As is customary for seniors housing projects, communities are slow to stabilize, and developers often must wait to gain access to the agency financing markets to refinance the construction loan, mezzanine financing and partner equity. Many senior living communities are reaping the benefits of C-PACE and retroactively utilizing energy measures to provide a paydown for the senior lender. Borrowers can then recap equity while paying off the mezzanine financing, boosting project returns and improving cash flow.
It’s important to note that, while many are using C-PACE retroactively, there are many use cases applicable to the seniors housing industry and beyond:
• Participation (new deals): Bankers still need to close deals in the current environment. C-PACE lenders are actively lending in the current market, oftentimes at rates on par with senior lenders. If a bank is constrained by a loan to one borrower or the size of the loan, or is looking to lay off a piece of the deal, C-PACE can remove the need for participation and its associated risks for a ground-up or conversion project by allowing a one-bank close.
• Paydown (troubled deals): Recently completed projects have been slower to stabilize and delinquencies are expected to increase. C-PACE can provide principal curtailment to a senior lender for a project completed in the last 36 months, thereby freeing up space on the balance sheet and replenishing interest and operating reserves.
• Project financing (capital expenditure, operating expense reduction and energy compliance): Energy-related equipment eventually breaks down and needs to be modernized. More efficient equipment will help reduce energy-related operating expenses. Additionally, many jurisdictions are adopting building energy performance standards (BEPs) like New York’s Local Law 97; Washington, D.C.’s BEPs program; or Maryland’s Climate Solutions Now Act. With terms as long as 30 years, C-PACE loans are cash-flow positive and can be utilized to fund energy-related projects such as HVAC replacement or elevator upgrades without the need to refinance a first mortgage or pay out cash.
In the early 2000s, Alka-Seltzer had a nice flat business. After updating the “Try it, you’ll like it” commercial to make it relevant for the current times and broadening the audience, Alka-Seltzer increased sales by 12 percent.

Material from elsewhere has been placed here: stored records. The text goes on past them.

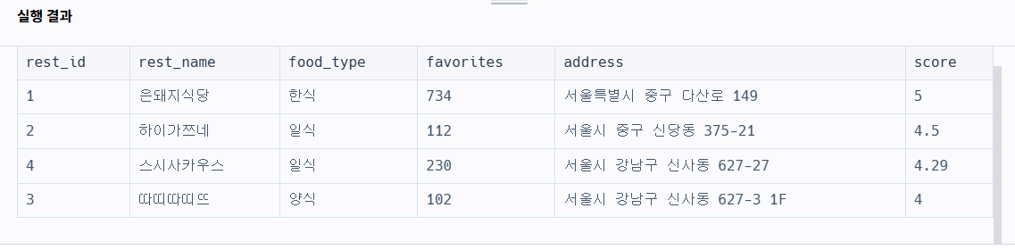 SELECT i.REST_ID, i.REST_NAME, i.FOOD_TYPE, i.FAVORITES, i.ADDRESS
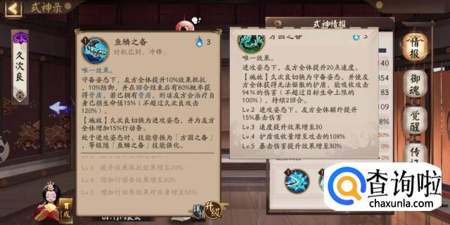 大招就是一个奶+拉条的效果了,上一个能奶能拉条的式神还是蜜桃。技能描述里说到一定条件下可以治疗队友15%的生命值,要知道椒图的链子回血才5%,这个数值还是很大的。大招也是根据两种状态来切换技能的,“鱼鳞之备”可以奶,“方圆之备”可以用来拉条,想用哪个技能切换式神的状态。大招切换状态的时候会有独特的效果,方圆切换鱼鳞可以得到一个不能被驱散的盾,而且盾很厚保证不被打死,方圆之备还可以提升队友的暴击伤害,这一个式神所带来的作用太多了。技能点只有普攻和大招用升级,加满最好,每一个都用的到。
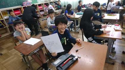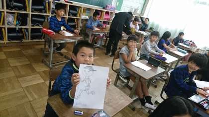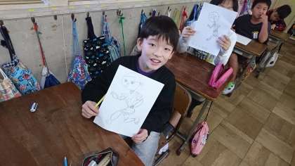 3年2組の図工です。「モチモチの木」の豆太をかきました。
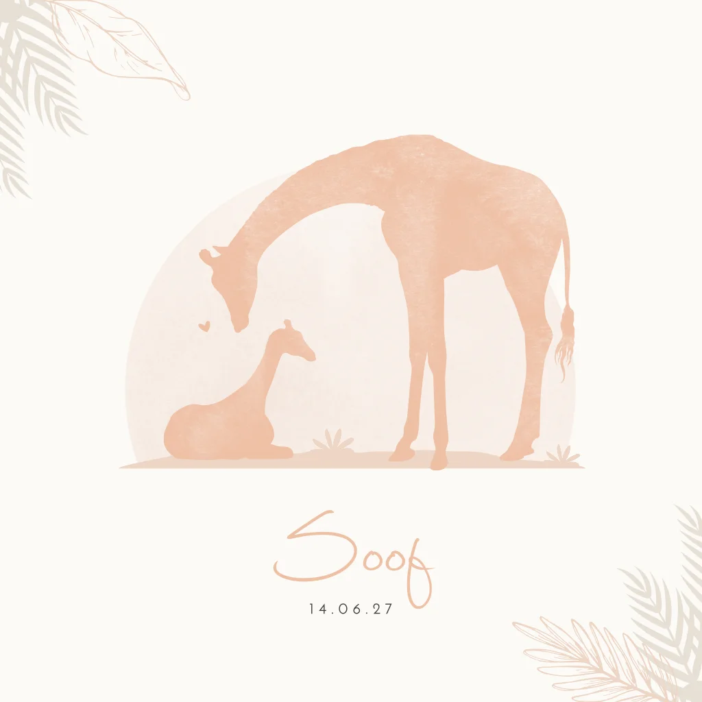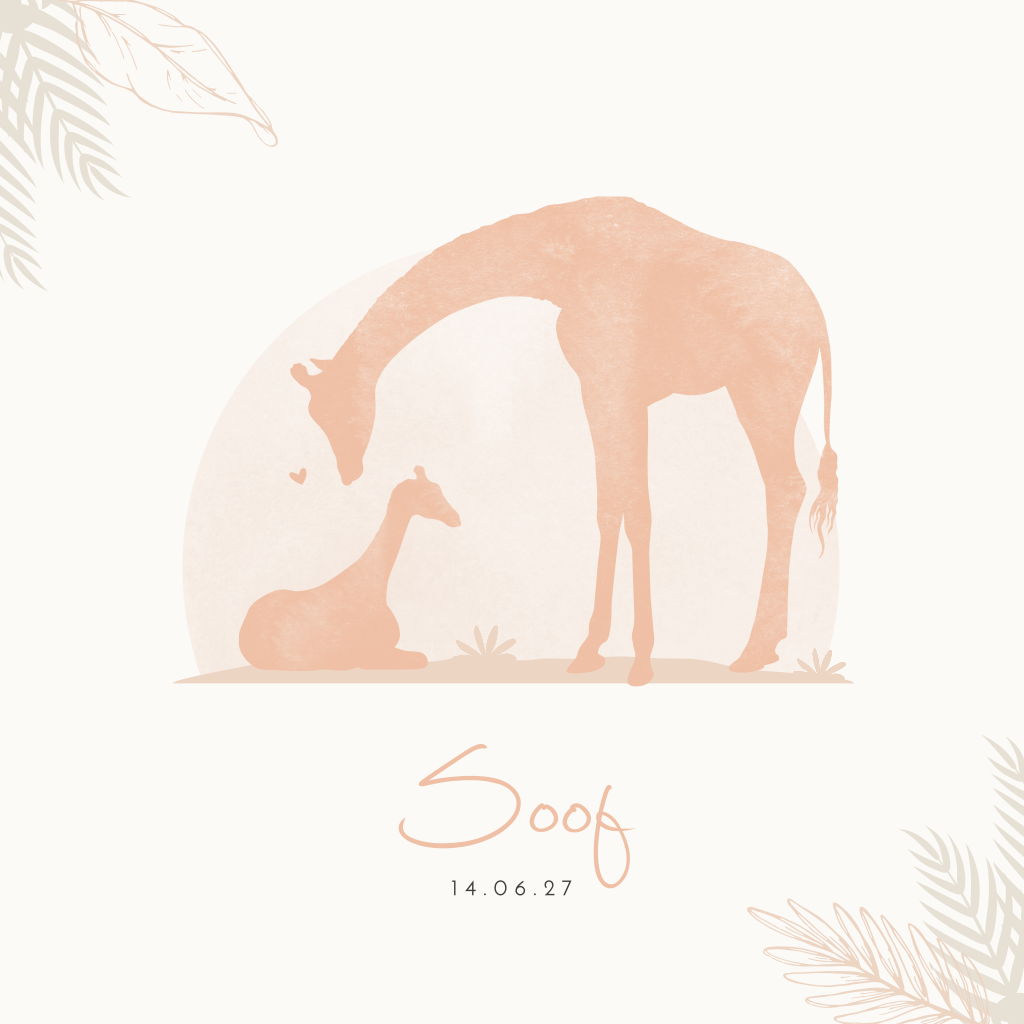 Geboortekaartje met silhouet en ronde hoeken voor een dochter. Op dit dierenkaartje Soof zie je een moeder giraffe met een klein baby girafje. De silhouetjes hebben een roze kleur. Op de achtergrond een beige kleur met botanische palmbladeren en de zon. Dit geboortekaartje voor een meisje heeft mooie zachte beige met roze kleuren. De ronde hoeken geven het kaartje een speels effect. Pas dit geboortekaartje geheel naar eigen wens aan in de editor. Hulp nodig? Wij helpen je graag!

In the early 2020s, banks still need to maintain and grow their businesses. If the C-PACE participation, paydown and project financing applications are properly leveraged, C-PACE can help achieve similar results to Alka-Seltzer’s and can help you and your fellow bankers retain clients, decrease delinquencies, and close more transactions. Now that you know the ingredients, we are confident that you will agree: C-PACE works. Try it. You’ll like it.
Jason Schwartzberg is an energy entrepreneur and a pioneer in energy-cost reduction and financial solutions for commercial property owners. He serves as president and co-founder of MD Energy Advisors, where he oversees strategic initiatives and the vision of the organization with a focus on Commercial Property-Assessed Clean Energy (C-PACE) financing. To date, Schwartzberg and his team have secured more than $350 million in financing across 20 transactions in five states.